Anleger klagen gegen Freiburger Windkraft-Gesellschaft

Die Windanlagen in Südbaden bringen durchweg nicht den erhofften Ertrag. Die Ausschüttungen sind bescheiden. Nun gehen einige Anleger der Freiburger Regiowind Kommanditgesellschaft vor Gericht gegen die Geschäftsführung vor.

  1. Nebulöse Informationspolitik werfen einige Anteilseigner der Regiowind-Geschäftsführung vor. Foto: brendler

Seit 2003 stehen sechs Windräder auf den Höhen um Freiburg. Errichtet hat sie die Firma Regiowind für 13 Millionen Euro. Dazu hat sie von 512 Anlegern 4,2 Millionen Euro eingesammelt und 6,5 Prozent Verzinsung in Aussicht gestellt.

Davon haben die Anleger nicht viel gesehen.

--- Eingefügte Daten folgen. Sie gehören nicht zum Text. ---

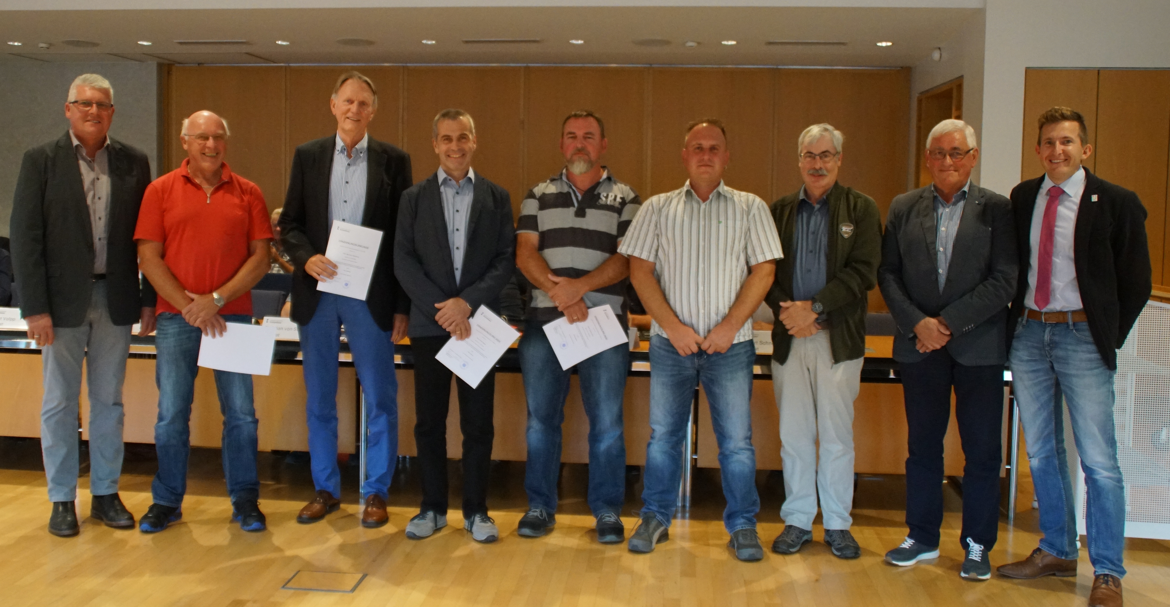 Verpflichtet, v.l.: Die Ortsvorsteher Ralf Markert, Ernst Baudermann, Bernhard Kürschner, Frank Egner, Carsten Zeller, Felix Bittner, Jochen Jäger, Gerhard Rudolph und Bürgermeister Stefan Neumann. Foto: Stadtverwaltung Künzelsau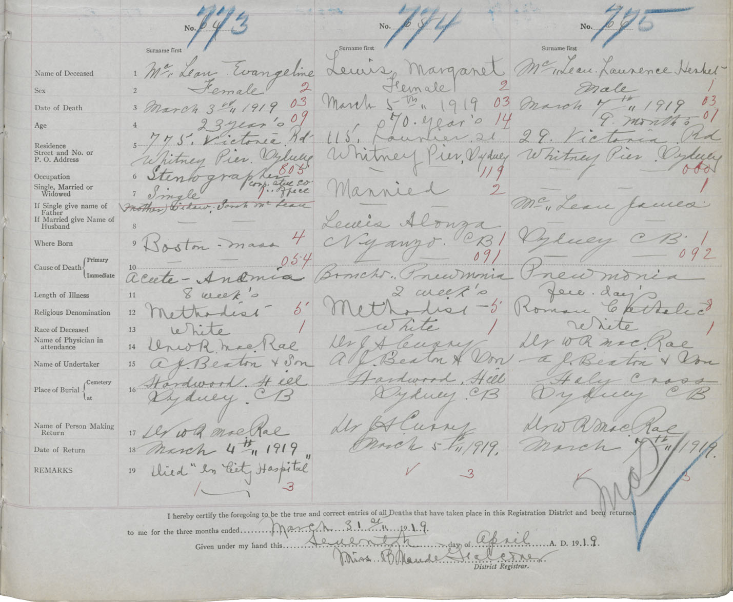 Death Registration: Year: 1919 book: 30 page: 165 number: 775

Denn der Wind weht bei weitem nicht so kräftig wie vorhergesagt. Nach Darstellung von Regiowind-Geschäftsführer Andreas Markowsky lag der Windertrag 2011 um 29 Prozent unter der Prognose. Der finanzielle Ertrag liege 20 Prozent unter Plan, weil man höhere Preise für den Windstrom bekomme als angenommen.

Kredite müssen bedient werden

Die 8,8 Millionen Euro Kredite für den Bau der Windräder müssen aber bedient werden. Nach Auskunft von Markowsky sind jedes Jahr 1,3 Millionen Euro an Zinsen und Tilgung fällig. 252 000 Euro wären zusätzlich nötig, um eine sechsprozentige Verzinsung zu bieten. Die wurde im Oktober 2004 gezahlt. Anleger erinnern sich an eine zweite Ausschüttung.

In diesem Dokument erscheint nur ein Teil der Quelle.